Serve this delicious casserole with all of your other breakfast and brunch favorites. It goes well with a side of fruit salad, toasted honey oat bread, chia pudding, crispy bacon, french toast, and breakfast sausages. Don’t forget the coffee and mimosas!
- Add more vegetables – Spinach, bell peppers, broccoli, zucchini, microgreens, kale, sun dried tomatoes, or caramelized onions would all taste great.
- Use different cheeses – Swap the Monterey Jack cheese for any good melting cheese, like mozzarella, cheddar, American, or gruyère. Or whisk in a scoop of cottage cheese with the beaten eggs to make them extra creamy.
- Use your favorite meat – Add a layer of pre-cooked and diced ham, bacon, Canadian bacon, leftover roasted chicken, lobster, breakfast sausages, or smoked salmon before baking the casserole.
- Dairy free – To make this recipe dairy free, use soy milk, almond milk, or oat milk instead of regular milk. You can also omit the shredded cheese or replace it with your favorite vegan shredded cheese.
- Egg white breakfast casserole – I haven’t tested it, but you should be able to make this recipe using only egg whites instead of whole eggs. Either separate the eggs yourself or use liquid egg whites.
Make ahead and storing
To make ahead: You can prepare the breakfast casserole overnight by assembling it in the casserole dish, then placing a cover on top and storing it in the fridge overnight. Simply bake the next morning, then serve!

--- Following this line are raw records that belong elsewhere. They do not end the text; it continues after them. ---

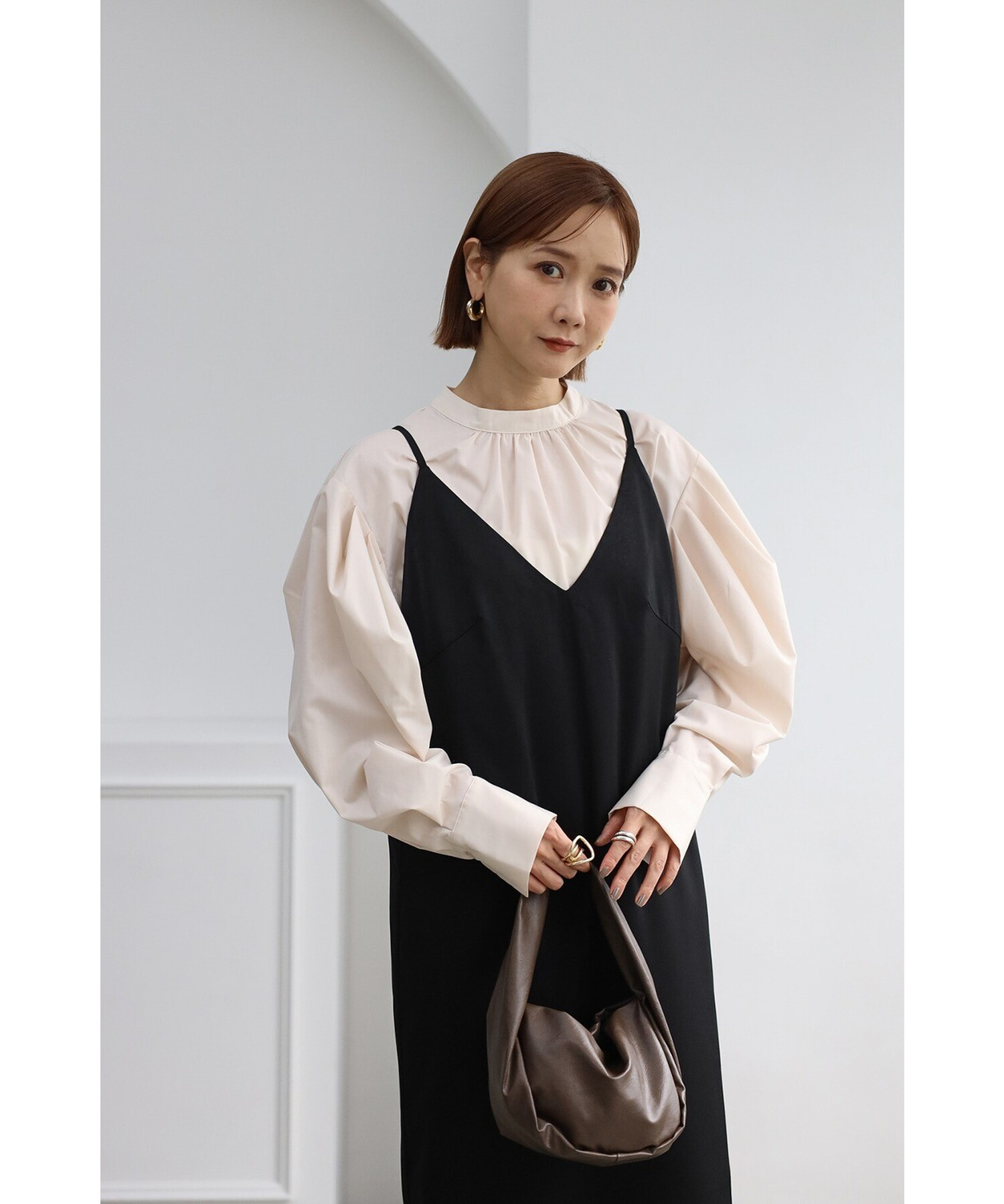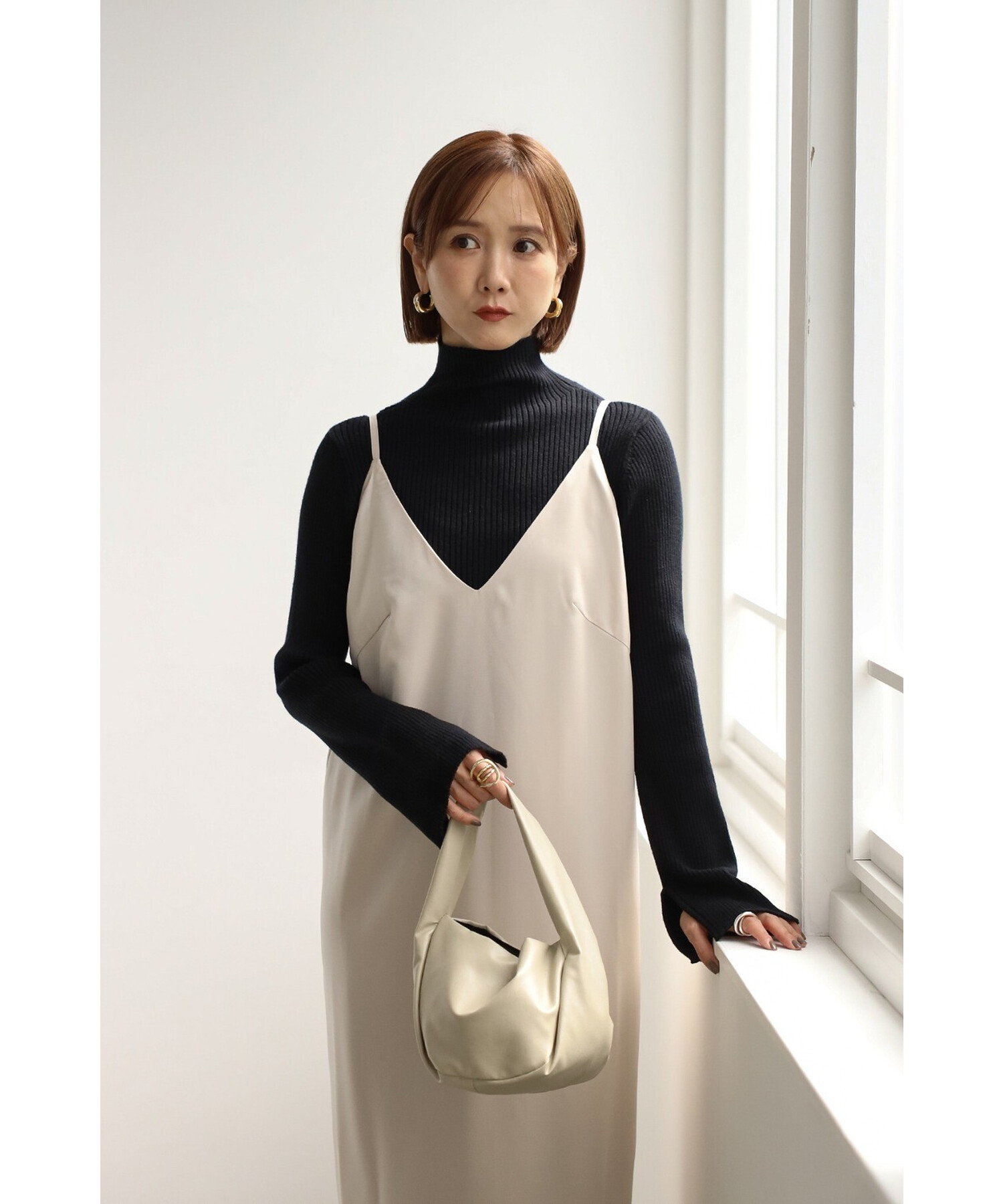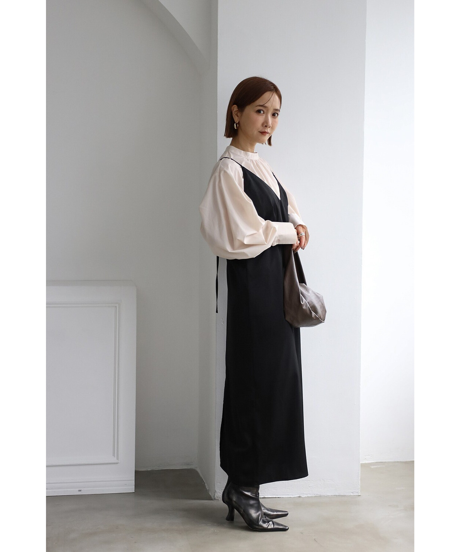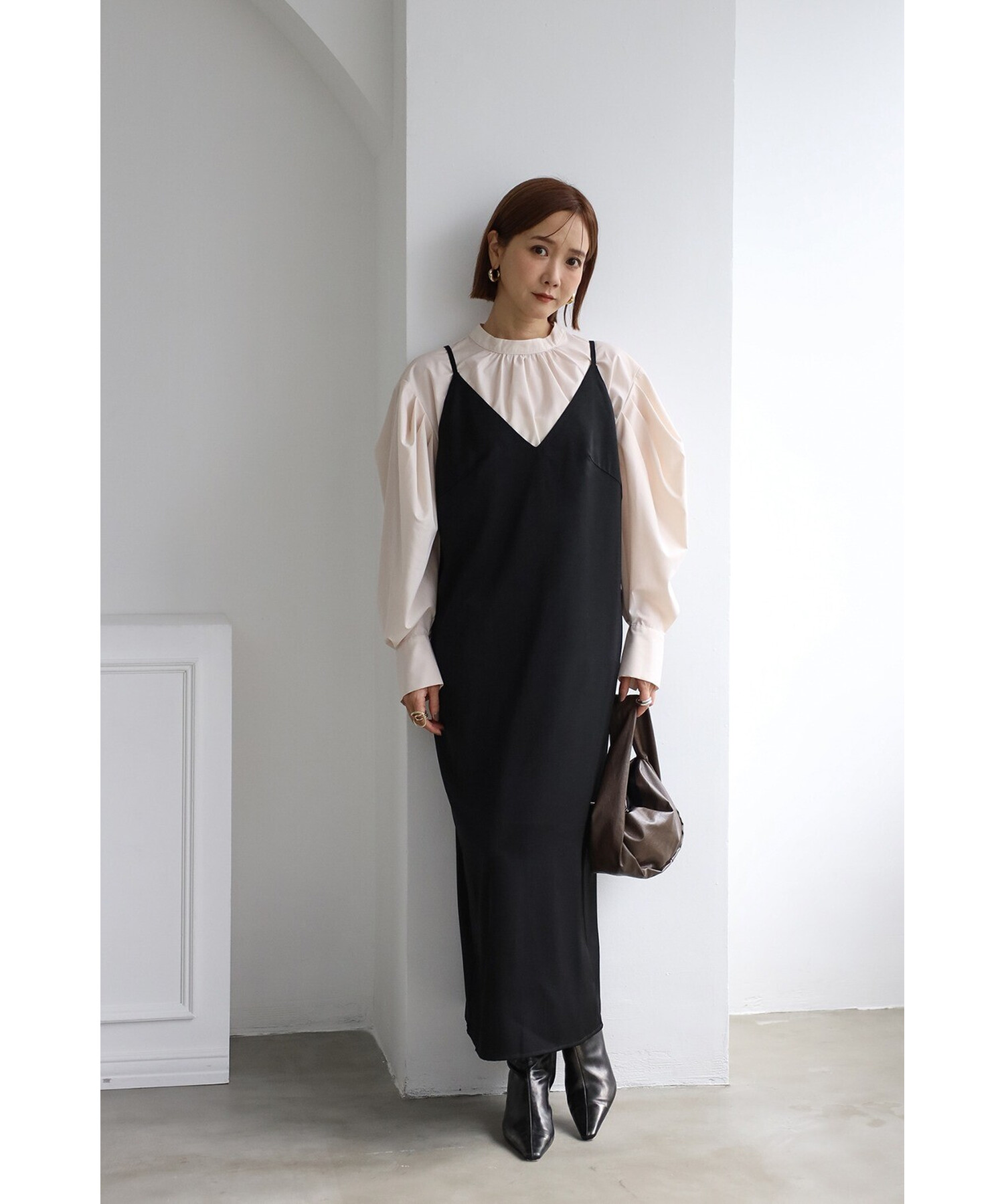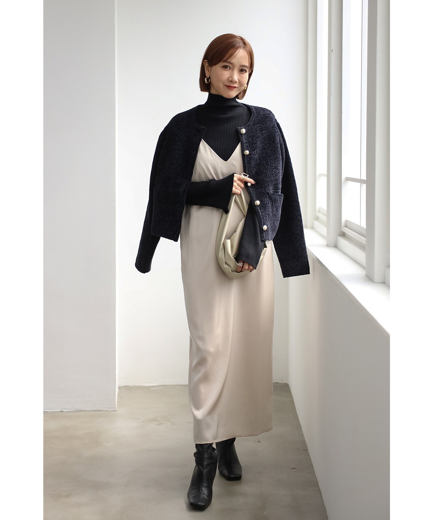 エレガントに纏うサテンキャミワンピース
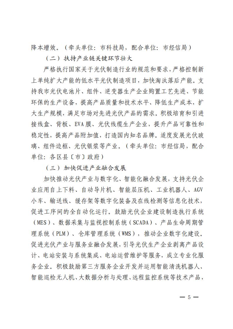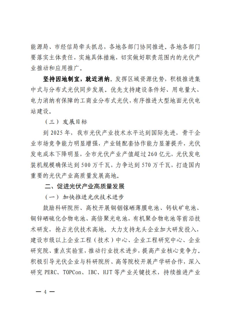 文件指出,到2025年,我市光伏產(chǎn)業(yè)技術(shù)水平達(dá)到國(guó)際先進(jìn),骨干企業(yè)市場(chǎng)競(jìng)爭(zhēng)能力明顯增強(qiáng),產(chǎn)業(yè)鏈配套協(xié)作能力顯著提升,光伏發(fā)電成本下降明顯,全市光伏產(chǎn)業(yè)產(chǎn)值超過(guò)260億元,光伏發(fā)電裝機(jī)規(guī)模確保達(dá)到500萬(wàn)千瓦,力爭(zhēng)達(dá)到570萬(wàn)千瓦,打造國(guó)內(nèi)重要的光伏產(chǎn)業(yè)高質(zhì)量發(fā)展高地。
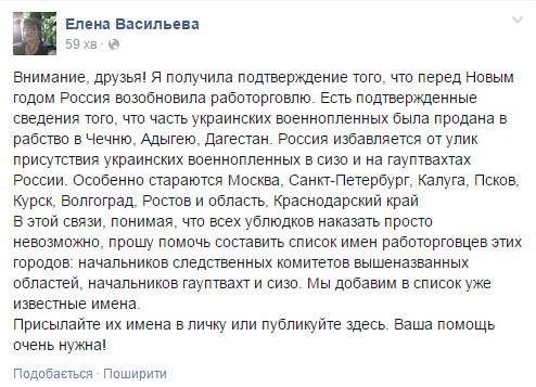"Россия избавляется от улик присутствия украинских военнопленных в сизо и на гауптвахтах России. Особенно стараются Москва, Санкт-Петербург, Калуга, Псков, Курск, Волгоград, Ростов и область, Краснодарский край", - написала Васильева.

To store: If you end up with leftover slices, keep them in airtight containers in the fridge for up to 3 to 4 days.
To freeze: Cover the baked and cooled casserole or individual slices in a layer of plastic wrap or an airtight container, then freeze for up to 3 months.
Looking for more crowd-pleasing breakfast recipes?
- Ham and Cheese Breakfast Casserole
- Apple Pie French Toast
- Lemon Blueberry Buttermilk Cake
- Ranchero Beans Breakfast Burritos
- Gluten Free Apple Cider Donuts
- Healthy Banana Oat Muffins
- 12 oz root vegetable hash brown (I used Cascading Farms)
- 6 eggs
- 3/4 cup milk
- 1 cup shredded Monterey Jack cheese
- 1/4 cup asparagus chopped
- 1/4 cup mushrooms thinly sliced
- 1/4 cup cherry tomatoes chopped
- 2 tbsp red onions chopped
- 2 tbsp green onions or chives chopped
- 1 tsp dijon mustard
- salt and pepper to taste
- In a medium bowl beat eggs then whisk in milk, salt, pepper and dijon mustard.
- Spray a 2qt (11×7) baking dish with oil spray. Place a layer of root vegetable hash brown covering the bottom of the dish (no need to defrost)
- Pour egg mixture over the hash brown
- Next add the veggies. Feel free to use more or less if you like. Then top with cheese
- Bake at 350F degrees for 35-40 minutes. Then garnish with green onion and serve.
Nutrition information is automatically calculated, so should only be used as an approximation.